Then, you need to import it into your web browser.
##### On Firefox
- Type `about:preferences#privacy` into the address bar.
- Scroll down until reaching a section named Certificates.
- Click View Certificates... to open the Certificate Manager.
- Go to the tab named My Certificates, then Import... and select the location of your `client.p12` file.
- You will be prompted to enter the password you used during the PKCS#12 file creation.
- After entering the password, your certificate will be imported and ready for use.
##### On Chrome/Chromium
- Type `chrome://settings/certificates` into the address bar.
- Go to the Your certificates tab. Click Import and select your `client.p12` file.
- You will be prompted to enter the password you used during the PKCS#12 file creation.
- After entering the password, your certificate will be imported and ready for use.
#### Accessing the authenticated Swagger UI
Once your certificate is loaded into your browser, you can go to the authenticated Swagger UI.

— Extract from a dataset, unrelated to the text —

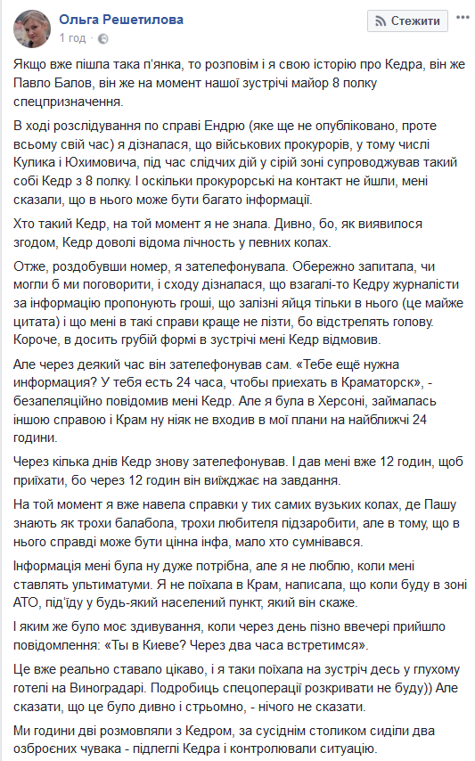 В ходе расследования по делу Эндрю (которое еще не опубликовано, однако всему свое время) я узнала, что военных прокуроров, в том числе Кулика и Ефимовича, во время следственных действий в серой зоне сопровождал некий Кедр из 8-го полка. И поскольку прокурорские на контакт не шли, мне сказали, что у него может быть много информации.

You will be prompted to identify yourself with a certificate. Select the previously imported PKCS#12 certificate in the drop-down list.
You can now use the Swagger UI interactively.
### Creating an encryption key via API
Key creation can be performed either through the [OVHcloud API](https://eu.api.ovh.com/console/?section=%2Fokms\&branch=v2) or on the specific OVHcloud KMS API. There is no difference on the result from the creation method.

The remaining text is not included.